Human society is similar.  No one individual is critical, and local disasters do not cause extinction.  Even if an individual amasses power, they can exercise power only through other humans - a difficult feat to preserve forever.  Human psychology contains mechanisms - humor, gossip, jealousy, justice - to guard against domination by powerful individuals.  Even the most powerful individual will eventually die.  (For example, the empires of Alexander the Great and Genghis Khan did not survive after their deaths.)  And historically, geographically separate civilizations could serve as opponents of or refuges from failed or malevolent civilizations.

A market economy also demonstrates resilience.  Individuals pursuing their own goals will fill the unmet needs of others, and fill in gaps as situations change.  For example, even in the massive disruption of early COVID lockdowns, there was still food in the grocery store - due to a million adaptations by individuals and companies.

Examples of Concentrated Power

Modern human society has developed concentrated power that reduces resilience:

  • Dictatorial rule over large territories
  • More destructive military technologies, most especially nuclear and biological weapons
  • A globally integrated economy with key dependencies provide by only a small number of participants
  • Global computer networking and automation
  • Worldwide governance, if that governance were to turn more powerful
  • In the future, advanced artificial intelligence

These sources of concentrated power give individuals or small groups enormous potential for destruction.

Even if a lever of power is not intentionally exercised for harm, a mistake could lead to catastrophe if it triggers worldwide effects.  So anything introducing more connections and dependencies reduces resilience.

Examples of Intentional Dispersal of Power

In some domains, humans have recognized the value of dispersing power, and intentionally designed systems to do so:

  • Systems of government often aim for checks and balances to limit the power of individual government officials.  For example, this was a key design principle for the U.S. Constitution.
  • Individual rights such as freedom of speech protect against domination and against society-wide groupthink.
  • Large-scale software systems are designed with no single point of failure, and designed to withstand individual hardware failures.  They further distribute data and computation across multiple physical locations to be resilient against local disasters.  And they maintain backups to recover from system failures.
  • Safety-critical systems are isolated from outside influence.  For instance, nuclear missile control systems are not connected to the Internet.
  • Blockchains aim to build a system that cannot be dominated by one individual, organization, or cartel.
  • Moral pluralism guards against ideological extremism.
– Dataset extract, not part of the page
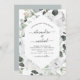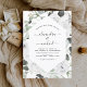 Fleurs blanches Roses et eucalyptus botanique Invitations de mariage de printemps ou d'été aquarelle - comprend une belle et élégante typographie de script avec des fleurs botaniques tropicales modernes et de la verdure pour la célébration spéciale du jour du mariage.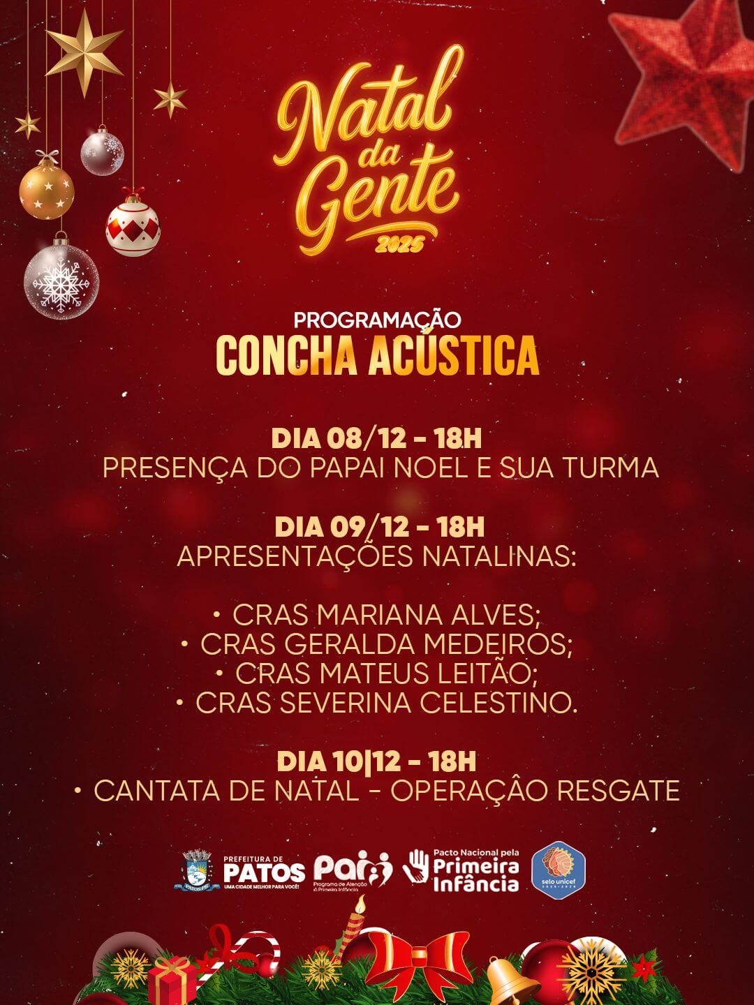 A Prefeitura de Patos anunciou, por meio das redes sociais da Secretaria de Cultura, Turismo e Esporte (SECULTE), a programação cultural do Natal da Gente 2025, que será realizada na Concha Acústica, localizada na Praça Edivaldo Motta.

These design choices intentionally sacrifice some efficiency for the sake of resilience.  Democracy may be slow and indecisive.  Redundancy in software systems uses more hardware, raising cost.  Disconnected systems are less convenient.

It's often more efficient to concentrate power, so there's a strong incentive to do so.  We must be intentional to design for fragmented power, and be willing to pay the cost.

Applying Fragmented Power to AI Risk

To be resilient, our civilization must not concentrate power too much.  And this concentration of power is the reason we are concerned with AI safety.  Misaligned AI, or AI in the hands of malevolent individuals/groups, is not a problem on its own.  It only becomes a problem when that AI can exercise substantial power.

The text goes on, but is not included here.